Islet cell antibodies (ICAs) are markers for patients at risk for insulin-dependent diabetes and are associated with progressive beta-cell destruction. This prospective study was performed to estimate the incidence of these antibodies in 187 women with previous gestational diabetes. With a specific protein A monoclonal antibody (MoAb) assay, the incidence of ICAs was only 1.6% (3 of 187). Oral and intravenous glucose tolerance tests were performed in these 3 women and compared with 6 women with previous gestational diabetes without ICAs and 5 control women. Glucose tolerance was impaired only in the 3 women with ICAs, who also had an increase (P less than 0.03) in fasting plasma glucose and a decrease (P less than 0.03) in early first-phase insulin response. We conclude that the more specific MoAb method indicates a lower incidence of ICA in women with a history of gestational diabetes than previously reported and that a decreased first-phase insulin response is associated with the presence of ICAs, suggesting progressive islet cell damage.

Subclinical abnormalities of glucose metabolism in subjects with previous gestational diabetes.

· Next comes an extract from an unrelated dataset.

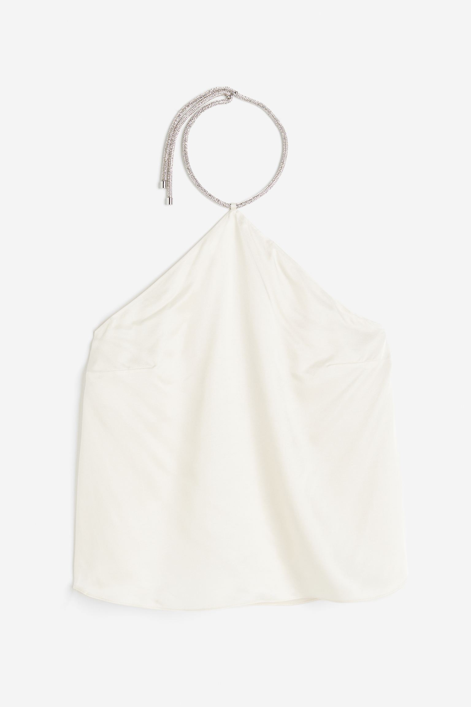 Top halterneck em cetim fluido com corte estreito em cima e uma alça redonda adornada com strass que fecha na parte de trás do pescoço.
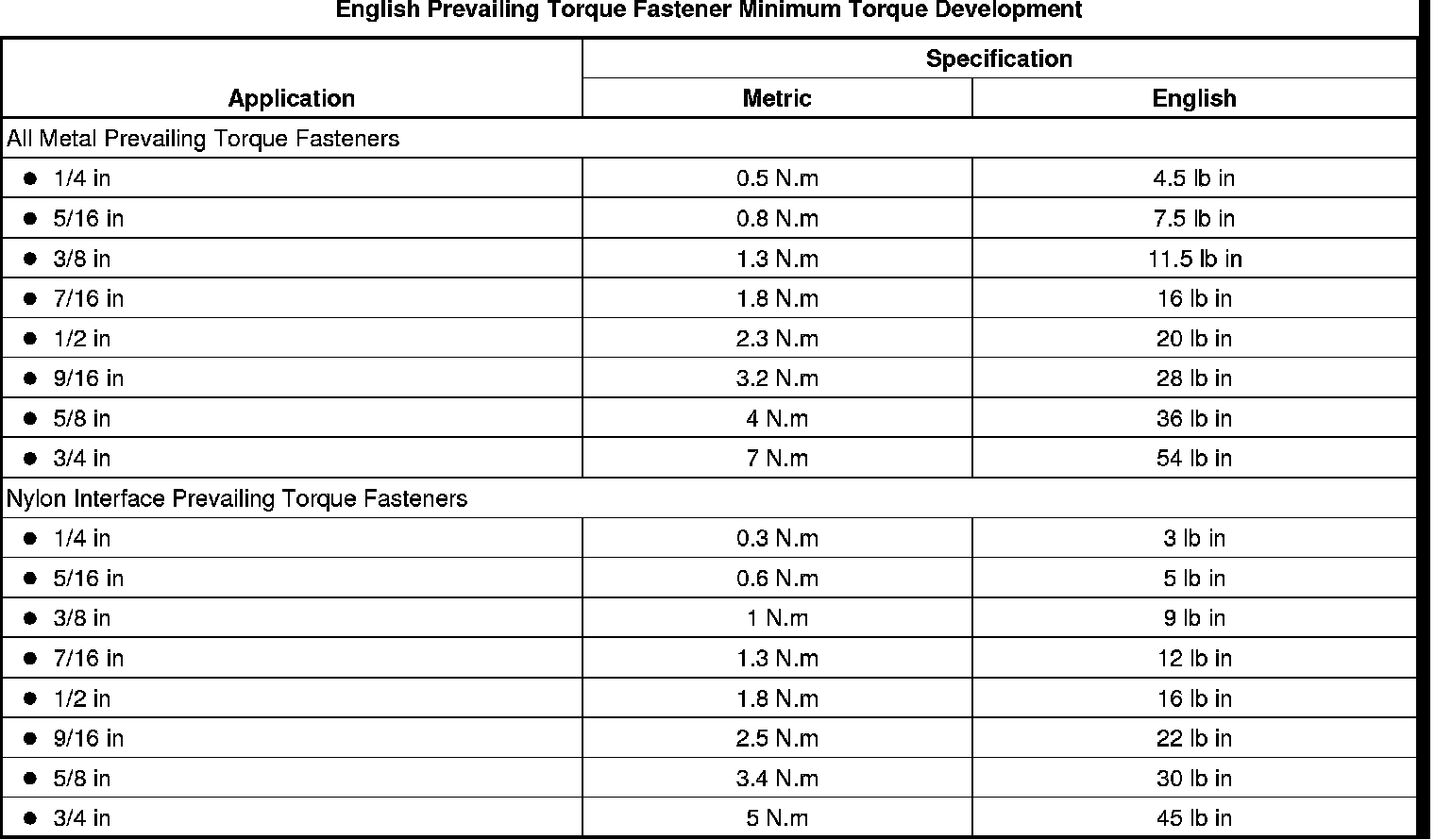 * The fastener develops the specified minimum torque against its counterpart prior to the fastener seating

To investigate whether there are subclinical abnormalities of glucose metabolism in women with previous gestational diabetes that are consistent with a high incidence of diabetes mellitus in later life, eight patients with previous gestational diabetes and normal oral glucose tolerance were evaluated by means of body composition studies, intravenous glucose tolerance tests, and the hyperinsulinemic-euglycemic clamp coupled with 6-6 dideuterated glucose infusion, indirect calorimetry, and measurement of islet cell antibodies. Eight control subjects were matched for percent body fat and diet and studied in a similar fashion. Abnormalities of insulin response and insulin resistance were present in four (50%) of patients with previous gestational diabetes. Insulin resistance was significantly greater in the patients than in the control subjects. When compared with lean patients, obese patients with previous gestational diabetes had significantly greater insulin response to the intravenous glucose tolerance test and insulin resistance. These changes are consistent with reported findings of an early and progressive development of overt diabetes in patients who had gestational diabetes.